Remember that post where I said that I could write a post on making exceptions for men within the context of polyamorous relationships, dating monogamous men who were willing to “make exceptions for me”?

That post is here, and that time is now. I didn’t forget to make that post. I was always going to.

From the time that I began outing myself as polyamorous (or, initially, non-monogamous) all the way to my refusal to date monogamous men, there were times when I dated monogamous men who were willing to “make exceptions for me” within the context of a relationship where they were clearly monogamous and not willing to date or be in relationships with anyone else other than me, but were — or at least made it seem, because it never looked like it was any different from my point of view — perfectly alright with me dating and being in relationships with other men (although, for the record, my “comfortable limit” of relationships has always been two, although I would not be opposed to three if I were in two and the right person came along… I like to remind confused monogamous people that they tend to have more than two close friends).

At first, I was fine with this as long as the monogamous partner that I was with was fine with this.

However, as time went on, I became increasingly less fine with this, because I felt like the dynamic of each relationship where this happened was tilted toward me in a peculiar way, even though the monogamous man stated — and sometimes insisted — that they were fine with this. A lot of the time, I felt like they were making this exception because it was me who they were dating, not because they would normally make this exception or consider this carte blanche. Even though I would never refuse to give someone permission to date other people or be in relationships with other people if I wanted that same permission myself and so always extended that permission, making it clear, the men who “made these exceptions for me” obviously never took me up on that offer, and they insisted that they wouldn’t because they “were willing to be monogamous for me”. It just eventually got to the point that I decided not to date monogamous men any longer, men who were more comfortable being monogamous, or men who “were willing to be monogamous for the right person” (hello, Kat Blaque) because I didn’t want to have to deal with the unevenly skewed dynamic that would always be there in the relationship even though they insisted “that things were alright”.

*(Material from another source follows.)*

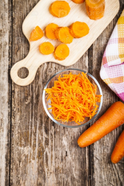 Натертая морковь в миске

I started refusing to date monogamous men eight years or so ago and am still glad that I have done so.

I’ve started this habit, and I do not regret this.

In between migraines and… living the slightly busy life that I do with my kids, I’ve started to queue up posts, and with very few exceptions, I do not regret getting into this habit. This means that if I am having a day where there is a lot of migraine activity (and to get the diagnosis of chronic migraine disorder, you have to have at least fifteen headache days per month with at least eight of those being migraine days, and I have that diagnosis… on top of that, mine are intractable, which means that medication does not easily “put them down”), or Bub and Monster are keeping me busy, I don’t have to worry about missing days posting on here. Having posts queued also helps in the event that my server actually does suffer the downtime that I mentioned last month, because when it does manage to come back up, the posts that I had queued will automatically publish… or, at least, that’s how they have so far, but the first, last, and only downtime that I actually saw my site have lasted over the course of one night, and then I had to fix the SSL that I have here.

I am continuing to titrate down on Trokendi, having been on topiramate in some form for awhile now.

Like I’ve probably already mentioned(, using social media so much that I have to ask myself “have I mentioned this here?”), if I am having migraines at the frequency and severity that I am, the medication that I’ve been on the longest… might not be the one that’s working. I did feel it when I dropped down from 300mg to 200mg, but once I got over that hurdle, I felt no difference. And it wasn’t even so much as more migraine activity than I felt the side effects — or lack of some, if you want to be technical — of dropping down 100mg.